** Task goal **
A word-for-word copy of the lines below, starting at the line with "ਜਗਦੀਪ ਸਿੰਘ ਚੀਮਾ" and ending at the last one, is what you should give. Omit every picture.

** Source data **
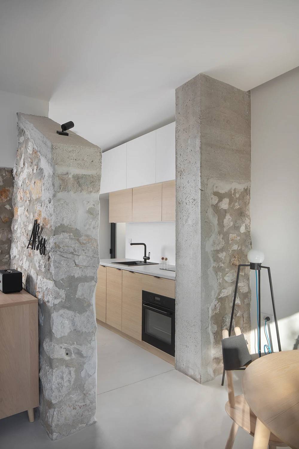 Kameni zidovi su zadržani i nose konstrukciju kako postojeće tako i nove kuće. Dotrajali krovni pokrivač, grede, gipsane zidovi i drvenu neprohodnu strehu bilo je neophodno ukloniti i zameniti novim betonsko-staklenim okvirom.
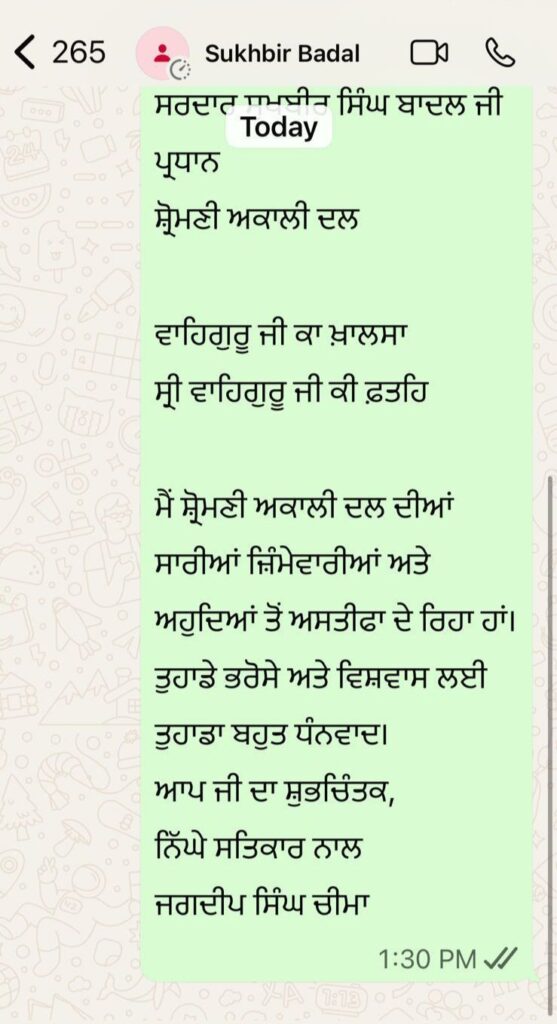 ਜਗਦੀਪ ਸਿੰਘ ਚੀਮਾ ਨੇ ਇੱਕ ਮੈਸੇਜ ਮੀਡੀਆ ਨਾਲ ਸਾਂਝਾ ਕੀਤਾ ਹੈ ਜਿਸ ਵਿੱਚ ਉਹਨਾਂ ਪਾਰਟੀ ਪ੍ਰਧਾਨ ਸੁਖਬੀਰ ਸਿੰਘ ਬਾਦਲ ਨੂੰ ਵਟਸਐਪ ਮੈਸੇਜ ਰਾਹੀਂ ਆਪਣਾ ਅਸਤੀਫ਼ਾ ਭੇਜਣ ਦਾ ਦਾਅਵਾ ਕੀਤਾ ਹੈ।
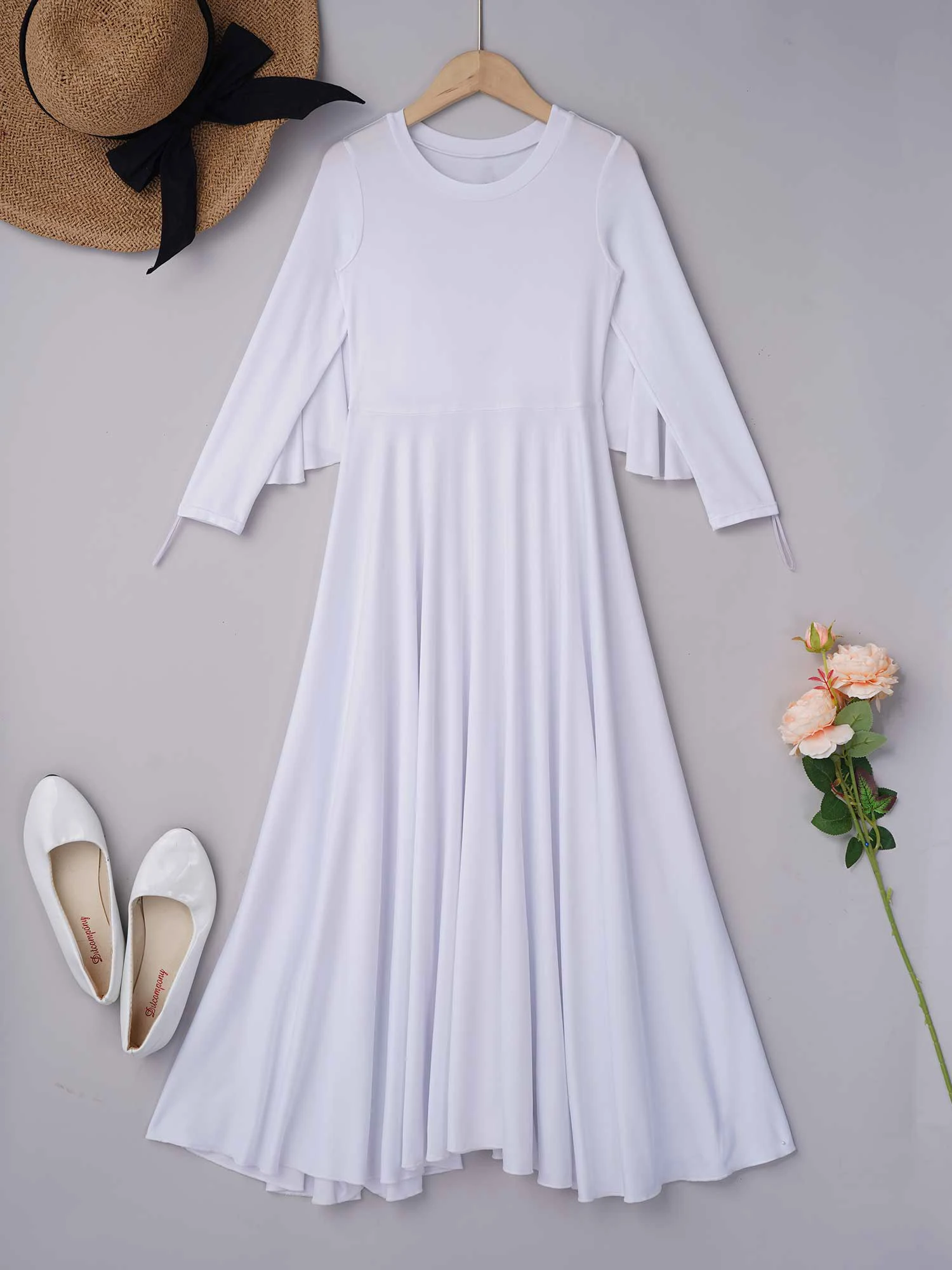 Детское платье для танцев для девочек; Однотонное длинное платье с длинными рукавами и круглым вырезом и оборками спереди; #4-14

** Exercise output **
 ਜਗਦੀਪ ਸਿੰਘ ਚੀਮਾ ਨੇ ਇੱਕ ਮੈਸੇਜ ਮੀਡੀਆ ਨਾਲ ਸਾਂਝਾ ਕੀਤਾ ਹੈ ਜਿਸ ਵਿੱਚ ਉਹਨਾਂ ਪਾਰਟੀ ਪ੍ਰਧਾਨ ਸੁਖਬੀਰ ਸਿੰਘ ਬਾਦਲ ਨੂੰ ਵਟਸਐਪ ਮੈਸੇਜ ਰਾਹੀਂ ਆਪਣਾ ਅਸਤੀਫ਼ਾ ਭੇਜਣ ਦਾ ਦਾਅਵਾ ਕੀਤਾ ਹੈ।
 Детское платье для танцев для девочек; Однотонное длинное платье с длинными рукавами и круглым вырезом и оборками спереди; #4-14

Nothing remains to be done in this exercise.